As a marketer or as founder, what has been the most effective marketing mix / allocation for you in the past?
Am I missing out on any other critical channels?  (eg: affiliate marketing, etc.)  I would appreciate general marketing advice for a B2B SaaS start-up as well, and any recommended books or articles are highly appreciated.  Thank you in advance!

Vijay MD Founder Chefalytics, Co-owner Bite Catering Couture, Independent consultant (ex-McKinsey)

February 8th, 2015

This is a question without a good answer.  Completely dependent on company strategy for the next viable customers to acquire (with next level down driven by customer behavior) OR focus on growth within existing accounts.

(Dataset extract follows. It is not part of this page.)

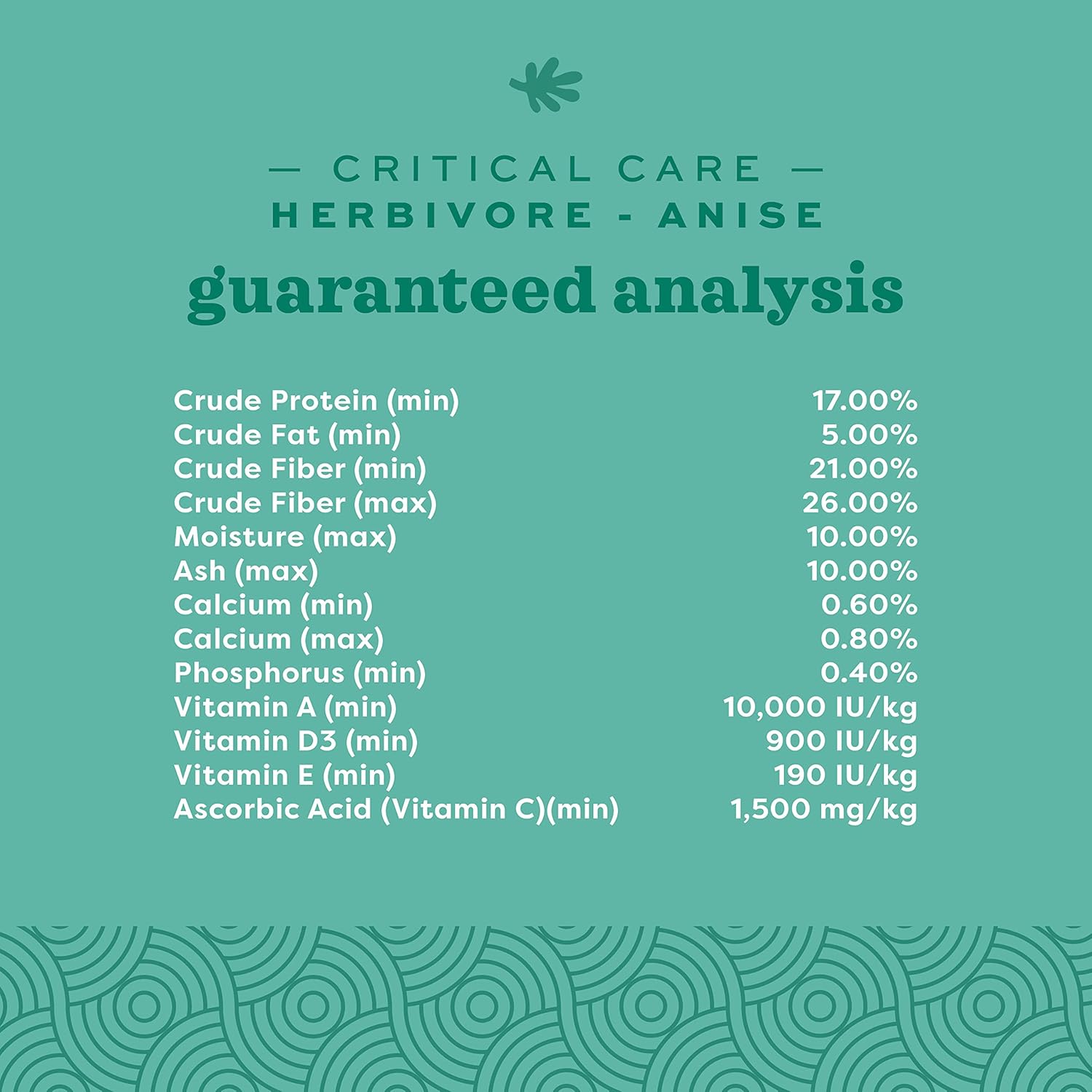 Developed with the assistance of top exotics veterinarians and nutritionists, Critical Care is the industry standard in recovery nutrition for herbivores with poor nutritional status resulting from illness or surgery. Critical Care contains all the essential nutrients of a complete diet, as well as high-fiber timothy hay to support proper gut physiology and digestion.

I think you're asking the wrong question...the marketing budget wouldn't be set at $250K with the goal of driving traffic to the website in an early stage company...the goal would start with customer acquisition based on target profile and work backward from there

Charles Kraus Senior Product Marketing Manager at Limelight Networks

February 9th, 2015

Lisa - I'm going to start with the content discussion. One of the most common missing pieces of collateral I notice is something that clearly differentiates a company's offerings vs. their competition. I'm not talking about feature comparisons. I'm referring to maniacally focused customer business benefit differentiation - the stuff a customer C-level exec needs to hear. Having real customer use cases that support this is critical. Maybe you already have these? Just on the general category of collateral - what I'm finding is customers will only spend time with easily consumable (snack-able) content - nobody will read 20+ page white papers! Lots of 1 and 2 page solution overviews, short videos (3 minutes or less) work well. A particularly effective type of video I have created is animated videos - they educate on a technical topic and entertain at the same time. Here is an example: Plus - posting is free! As for marketing channels,you didn't mention YouTube or social media in your problem description. Corporate Blogging sites, Facebook and Twitter accounts with frequently updated content, as well as constant refreshed content on your Web site is mandatory to keep people coming to the sites. An effective technique I found is to write blogs and Tweets as a multi-part series of episodes. Every week the next episode is posted. I set up 6 week story lines and story board them. Keeps readers coming back. As for a good book recommendation: Kirby Wadsworth's "Recommend This! Delivering Digital Experiences People Will Want to Share" Charlie Kraus

Ram Menon Founder and CEO at Avaamo

February 8th, 2015

I agree with the previous comments- as a former CMO , my advice for early stage startup is achieve PMV and customer acquisition. Your marketing activities need to be targeting at that. Depending on your segment/ prospective buyer/ available channels to prospective buyer- the focus of marketing should be customer acquisition. 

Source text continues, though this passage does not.